= RECORDED DATA =
+++
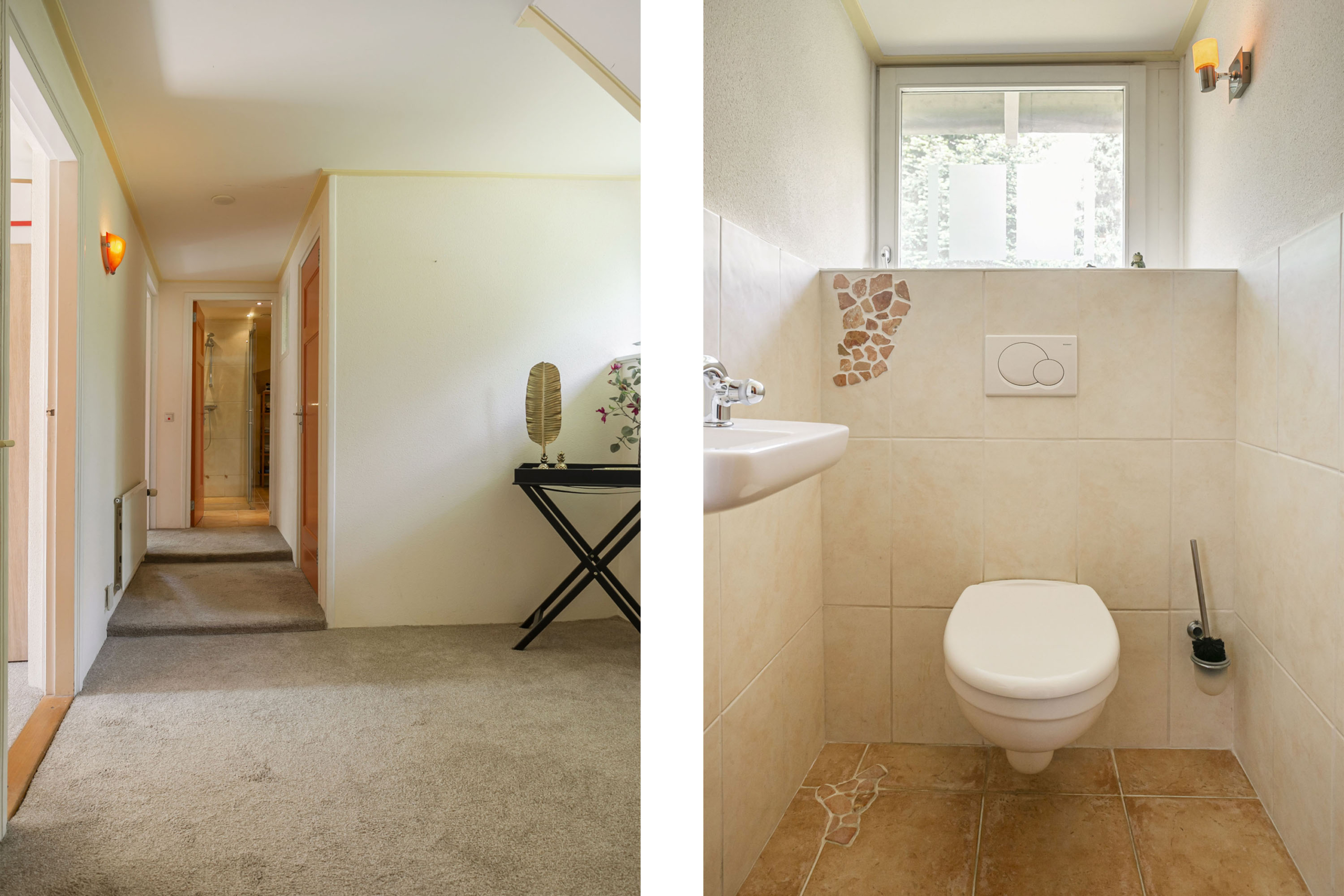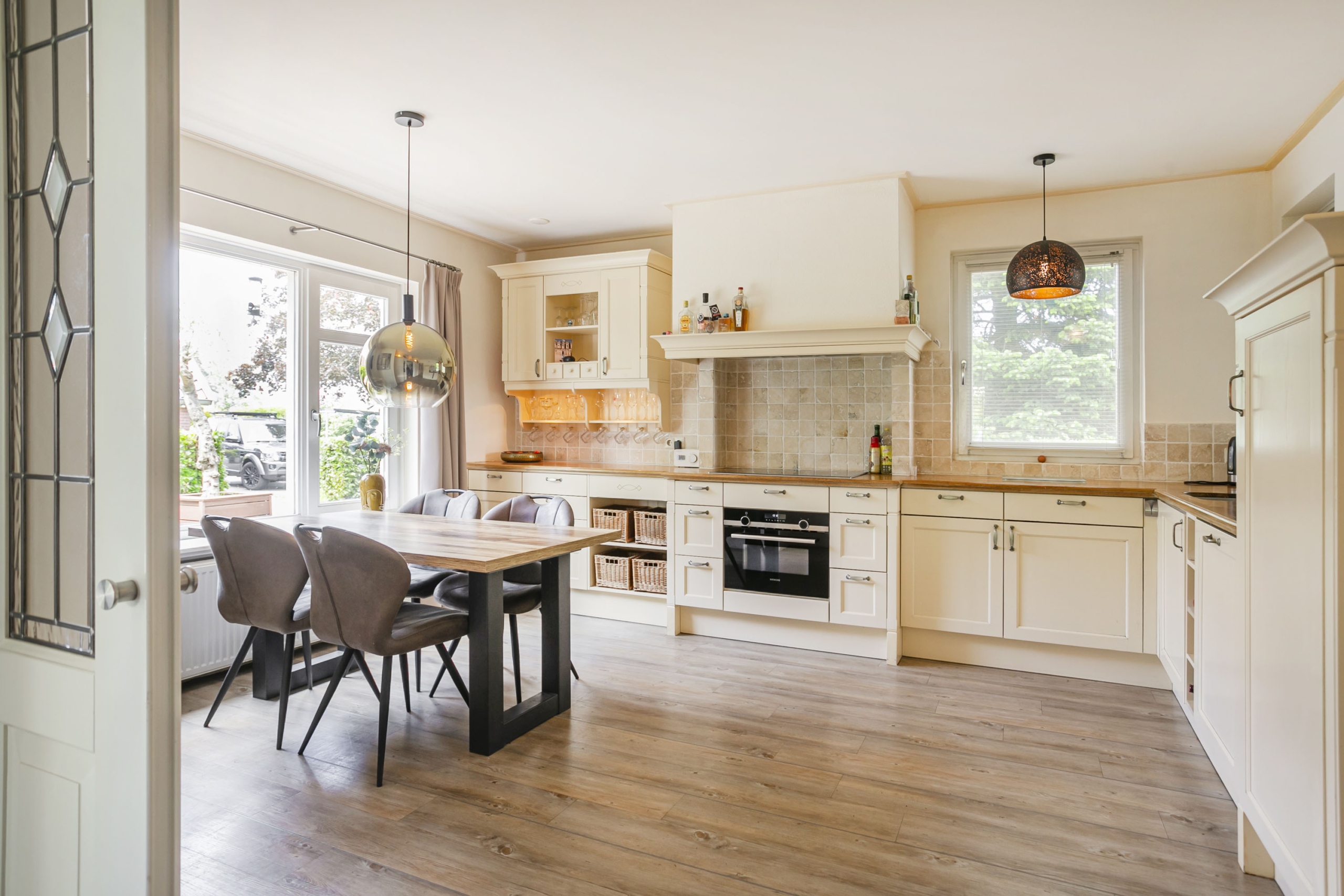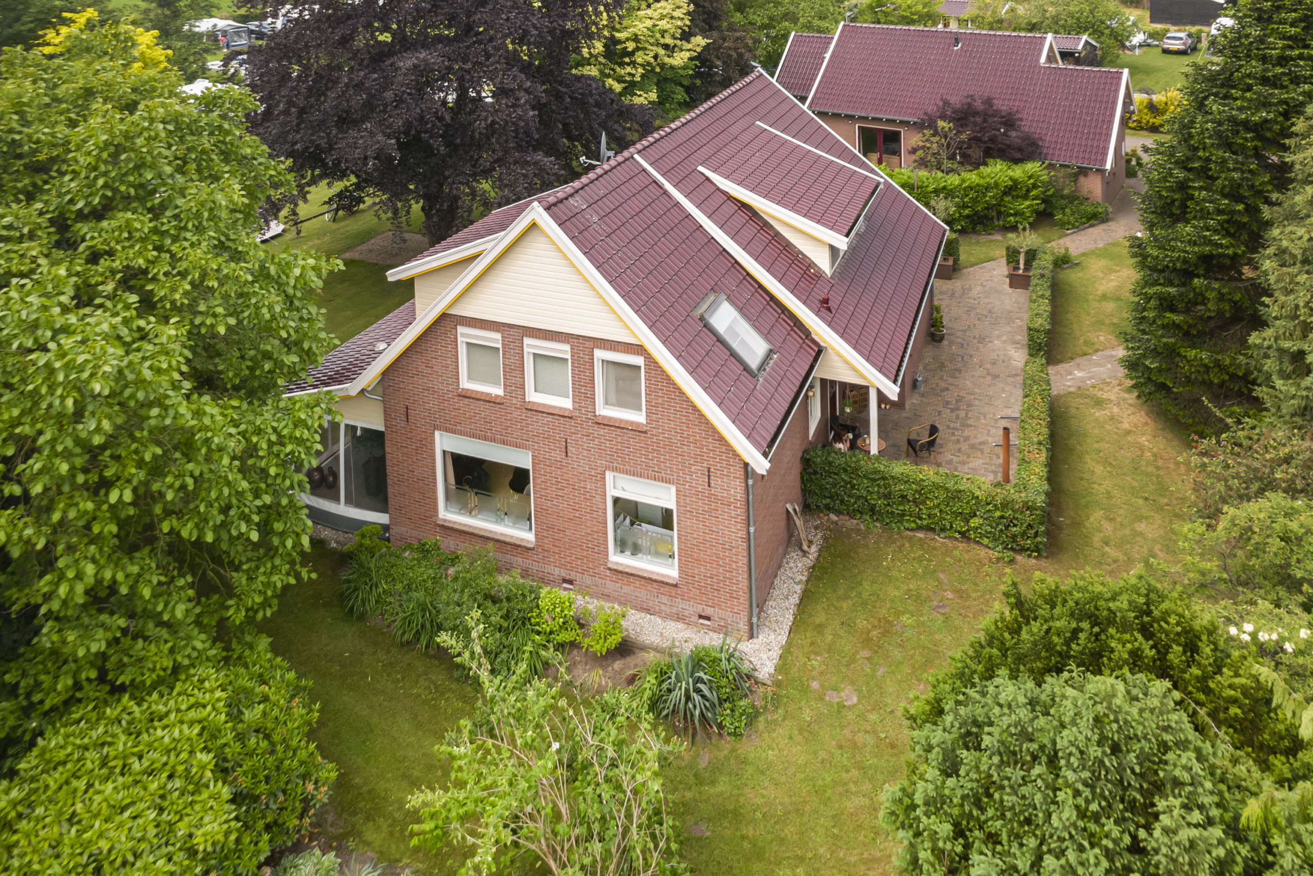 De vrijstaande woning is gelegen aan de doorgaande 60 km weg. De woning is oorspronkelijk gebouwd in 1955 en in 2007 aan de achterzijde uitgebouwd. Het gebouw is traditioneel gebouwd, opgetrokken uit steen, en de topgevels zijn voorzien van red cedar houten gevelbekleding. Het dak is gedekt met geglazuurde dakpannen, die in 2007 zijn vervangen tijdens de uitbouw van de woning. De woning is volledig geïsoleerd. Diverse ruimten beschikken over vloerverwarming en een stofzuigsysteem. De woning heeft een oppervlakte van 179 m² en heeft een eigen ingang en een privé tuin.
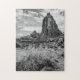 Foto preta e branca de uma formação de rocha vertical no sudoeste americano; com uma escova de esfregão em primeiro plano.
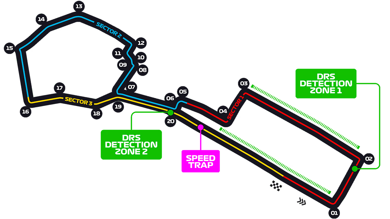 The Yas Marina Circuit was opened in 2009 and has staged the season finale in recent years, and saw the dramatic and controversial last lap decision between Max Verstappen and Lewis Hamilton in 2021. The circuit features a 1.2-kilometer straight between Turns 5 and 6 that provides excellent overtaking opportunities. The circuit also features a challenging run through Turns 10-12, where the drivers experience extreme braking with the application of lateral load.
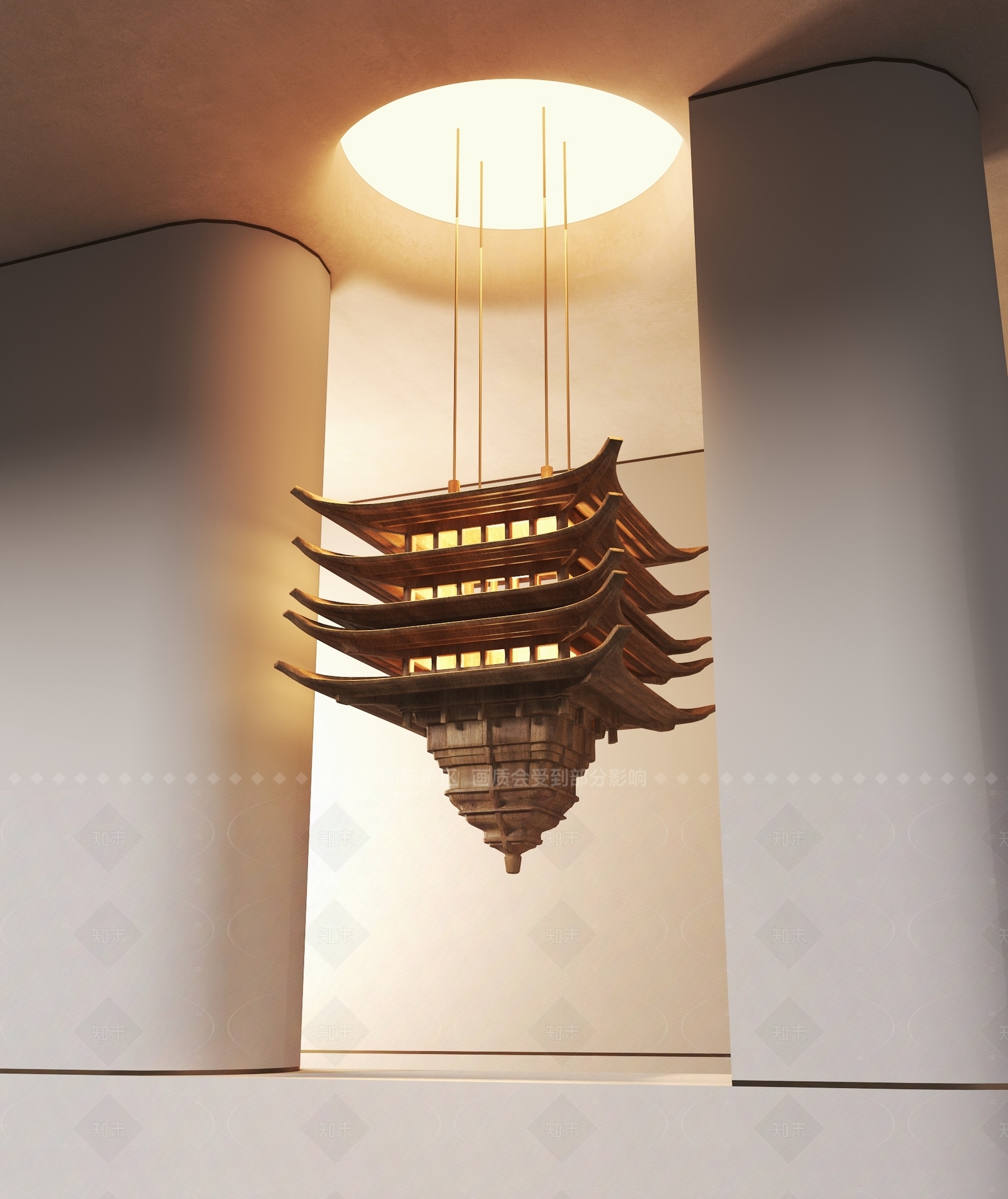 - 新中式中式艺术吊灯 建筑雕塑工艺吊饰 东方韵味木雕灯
+++
Please copy the data above exactly; the pictures do not belong in the copy.

 De vrijstaande woning is gelegen aan de doorgaande 60 km weg. De woning is oorspronkelijk gebouwd in 1955 en in 2007 aan de achterzijde uitgebouwd. Het gebouw is traditioneel gebouwd, opgetrokken uit steen, en de topgevels zijn voorzien van red cedar houten gevelbekleding. Het dak is gedekt met geglazuurde dakpannen, die in 2007 zijn vervangen tijdens de uitbouw van de woning. De woning is volledig geïsoleerd. Diverse ruimten beschikken over vloerverwarming en een stofzuigsysteem. De woning heeft een oppervlakte van 179 m² en heeft een eigen ingang en een privé tuin.
 Foto preta e branca de uma formação de rocha vertical no sudoeste americano; com uma escova de esfregão em primeiro plano.
 The Yas Marina Circuit was opened in 2009 and has staged the season finale in recent years, and saw the dramatic and controversial last lap decision between Max Verstappen and Lewis Hamilton in 2021. The circuit features a 1.2-kilometer straight between Turns 5 and 6 that provides excellent overtaking opportunities. The circuit also features a challenging run through Turns 10-12, where the drivers experience extreme braking with the application of lateral load.
 - 新中式中式艺术吊灯 建筑雕塑工艺吊饰 东方韵味木雕灯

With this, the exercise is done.